Causes of Sprint dysfunction are legion and this pattern focuses primarily on the top three of these common problems:

Agility requires rapid response to change, and that means making problems visible as early as possible. Unfortunately, new teams and average teams often do not want problems to become visible. In particular, they do not want to stop work, fix problems, and risk criticism. At the first NUMMI (New United Motor Manufacturing, Inc) Toyota plant in America, Japanese management visited the plant after six months and saw that employees were afraid to pull the andon (lamp) cord—the cord that causes a trouble lamp to turn on and that starts a countdown timer to stop the production line. Workers had not stopped the line enough to fix their impediments. The management pulled the andon cord to stop the production line then and there, to communicate to the workers that their biggest impediment was their reluctance to stop the line. Stopping the line makes problems visible so they are fixed properly. “No problem is a problem” is the Japanese management mantra ([1]).

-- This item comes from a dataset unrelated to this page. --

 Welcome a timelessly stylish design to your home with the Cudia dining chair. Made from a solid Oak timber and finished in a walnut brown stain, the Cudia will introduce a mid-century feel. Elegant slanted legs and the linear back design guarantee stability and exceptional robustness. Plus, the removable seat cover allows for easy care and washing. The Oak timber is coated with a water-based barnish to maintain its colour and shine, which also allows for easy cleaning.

The team must consult the Product Owner when things are not going well. Not only that, the Development Team should agree with the Product Owner on how to quickly address major problems that affect reaching the Sprint Goal.

Therefore:

When high on the burndown, try a technique used routinely by pilots. When bad things happen, execute the Emergency Procedure designed specifically for the problem.

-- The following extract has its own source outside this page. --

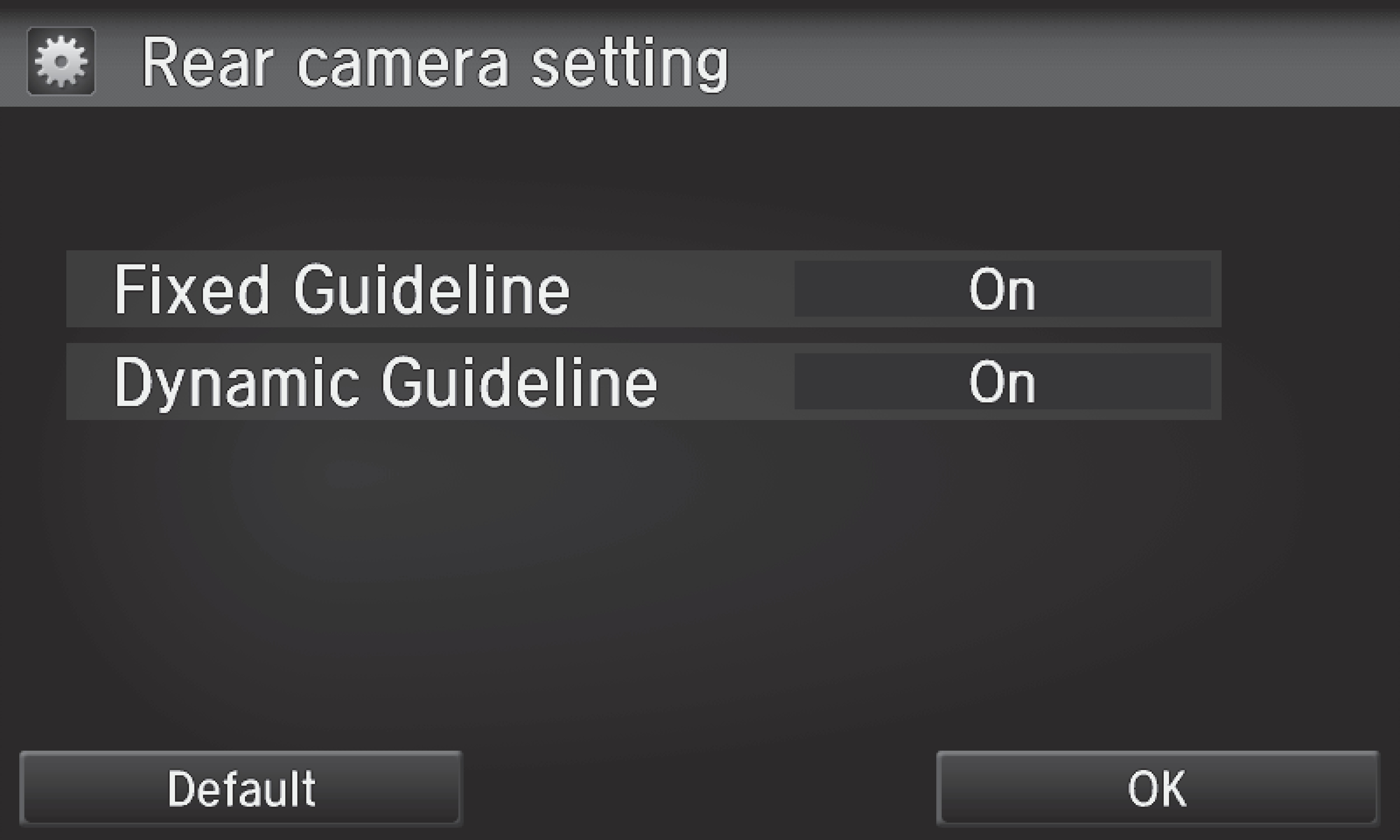 Dynamic Guideline: Guidelines move as you turn the steering wheel. Select On or Off.

Do not delay execution while trying to figure out what is wrong or what to do. In a fighter aircraft, you could be dead in less time than it takes to figure out what is going on. It is the responsibility of the ScrumMaster to make sure the team immediately executes the Scrum Emergency Procedure, preferably by mid-Sprint, when things are going off-track. This will require careful coordination with the Product Owner, yet kaizen mind requires execution of this pattern even when the Product Owner is not available. Great teams act without permission and ask for forgiveness later (see Community of Trust).

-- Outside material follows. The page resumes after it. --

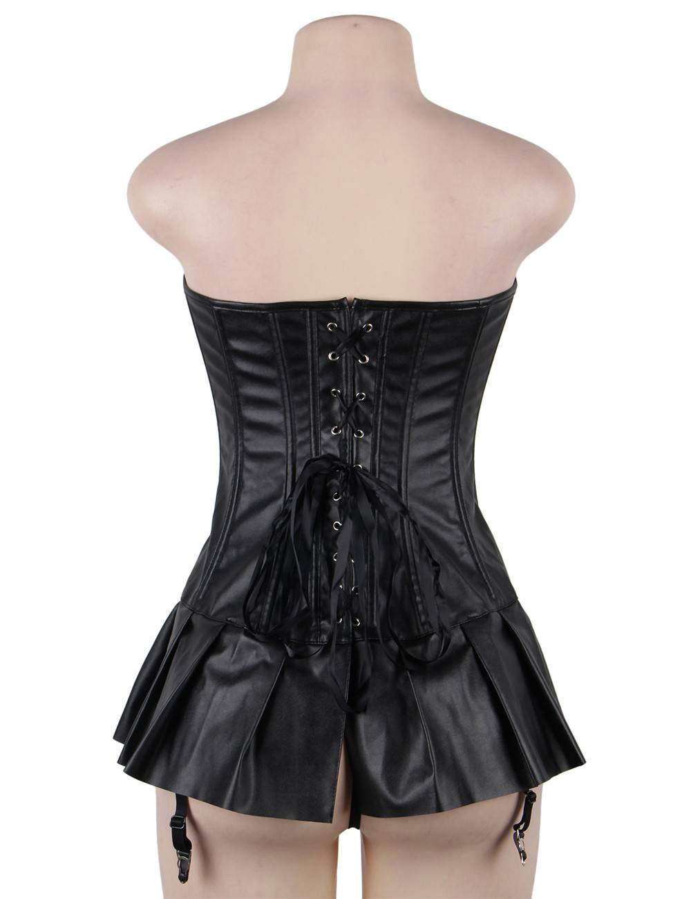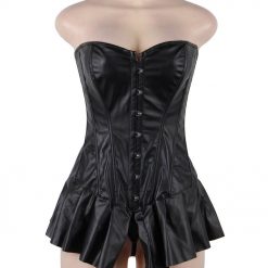 Sexy Leather Look Corset With Skirt. G-string included. Available in various sizes.
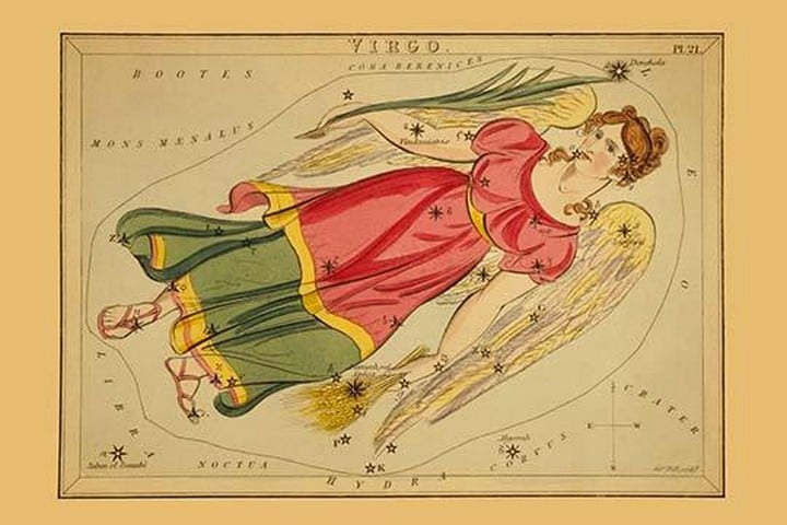 Astronomical chart showing a winged virgin holding wheat in her left hand and a lily in her right hand forming the constellation. Jehoshaphat Aspin, an American artist active in the 18th and 19th centuries, made significant contributions to both art and literature. One of his notable works is the “Familiar Treatise on Astronomy” (1825), which he authored. This book, published by Samuel Leigh in Britain, explains the general phenomena of celestial bodies through etchings, engravings, and hand coloring. Aspin’s illustrations provide insights into the cosmos, bridging scientific knowledge and artistic expression. Additionally, Aspin delved into children’s literature, geography, and history. His primary work, “Cosmorama: A View of the Costumes and Peculiarities of All Nations”, explored cultural and geographical connections across disparate peoples. This hand-colored engraved book, published by J. Harris in London around 1826, showcased costumes and customs from around the world. Aspin’s multidisciplinary approach left a lasting impact on both scientific and artistic realms.

Scrum Emergency Procedure: (do only as much as necessary)

  1. Change the way the team does the work. Do something different.
  2. Get help, usually by offloading backlog to someone else.
  3. Reduce scope.
  4. Abort the Sprint and replan.
  5. Inform management how the emergency affects release dates.

Teams often want to reduce scope when they encounter difficulty. Great teams find a way to instead execute a different strategy to achieve the Sprint Goal. In the 2005–6 football (soccer) season, John Terry, Chelsea’s captain and center back, had to take over as goalkeeper in a game against Reading after Petr Cech suffered a fractured skull, and then the substitute goalkeeper who replaced him, Carlo Cuddicini, was carried off unconscious before halftime. Terry made two fine saves and Chelsea won the game 2-0. Similarly in software, adopting new practices that remove waste can multiply performance while drastically cutting effort.

When multiple teams are working on the same products, one team can often pass backlog to another team who has slack. The company PatientKeeper, a pioneer in agile development in the medical sector, automated this strategy ([2]). If a team was behind, it could assign Sprint Backlog Items to another team. If the second team could not take them, they passed it to a third team. If the third team could not take them, all three met to decide what to do. This automatically leveled the loading of backlog across teams so they could all finish together.

Reducing scope early so the team can finish planned work is better than coasting into failure. The organization can inspect and adapt to problems rather than be surprised. See Teams That Finish Early Accelerate Faster.

Aborting the Sprint (stop the line) may be the best option, particularly if the team consistently fails to deliver. Only the Product Owner may decide whether to abort the Sprint: as bad as things may be, the Product Owner may judge that the business payoff may not be worth it, or that aborting the Sprint may otherwise have long-term negative consequences in the market or the business.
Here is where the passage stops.